R: [Linux-cluster] High system CPU usage in one of a two node cluster
Marco Lusini
marco.lusini at governo.it
Fri Jan 5 09:38:41 UTC 2007
>
> System load averages are the average of the number of
> processes on the run queue over the past 1, 5, and 15
> minutes. It doesn't generally trend upwards over time; if
> that were the case, I'd be in trouble:
>
I am in trouble, then :-)
As I told in the first mail, as system (i.e. kernel) CPU
usage grows so does the system load (1, 5, and 15 mins average).

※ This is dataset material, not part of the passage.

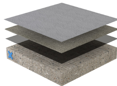
TRIFLEX BAS-SYSTEEM, 3 LAAGS

Vragen of meer informatie? We horen het graag!

In order to better show what I see in my clusters, I am sending
more graphs (on a yearly time base) that illustrate how system load
trends upwards as kernel usage grows.
Graphs were produced by CACTI probing the snmpd daemon running on the nodes.

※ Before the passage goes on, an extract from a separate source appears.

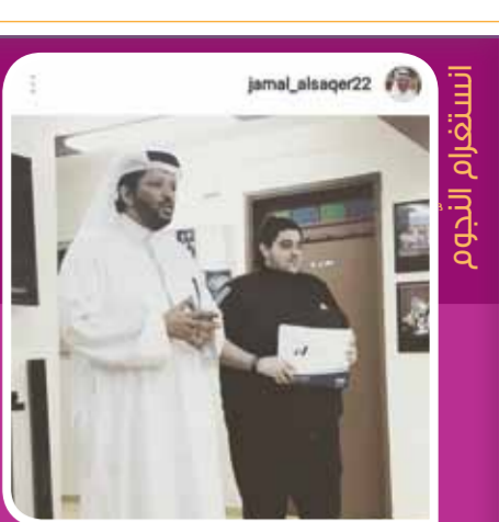
السنة العاشرة - العدد 3391 الجمعة 26 يناير 2018 9 جمادى الأولى 1439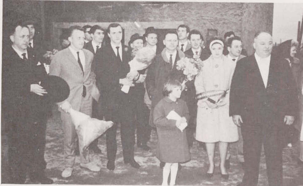
1964: Empfang in Gasperich nach dem geglückten Aufstieg in die 1. Division

Again note how the trend swap from node to node on reboots.
>
> However, it is a little odd that you had 10 hours of runtime
> for clurgmgrd and over 6 for dlm_recvd. Just taking a wild
> guess, but it looks like the locks were all mastered on frascati.
>
How can I get more info on this? I checked /proc/cluster/dlm_locks
on both nodes and it is empty.
Here is the output of cat /proc/cluster/dlm_stats:
[root at estestest ~]# cat /proc/cluster/dlm_stats
DLM stats (HZ=1000)
Lock operations: 1688738
Unlock operations: 838064
Convert operations: 0
Completion ASTs: 2526802
Blocking ASTs: 0
Lockqueue num waittime ave
[root at frascati ~]# cat /proc/cluster/dlm_stats
DLM stats (HZ=1000)
Lock operations: 1122141
Unlock operations: 556623
Convert operations: 0
Completion ASTs: 1678764
Blocking ASTs: 0
Lockqueue num waittime ave
WAIT_RSB 6 3 0
WAIT_GRANT 1122141 32507056 28
WAIT_UNLOCK 556623 316924 0
Total 1678770 32823983 19
>
> How many services are you running?
>
At the moment I have 3 services on estestest (Sybase SQL server, a tomcat5
application and an apache web site) and 2 services on frascati (another
tomcat5 application and Postgres SQL server).
> Also, take a look at:
>
> https://bugzilla.redhat.com/bugzilla/show_bug.cgi?id=212634
>
> The RPMs there might solve the problem with dlm_recvd.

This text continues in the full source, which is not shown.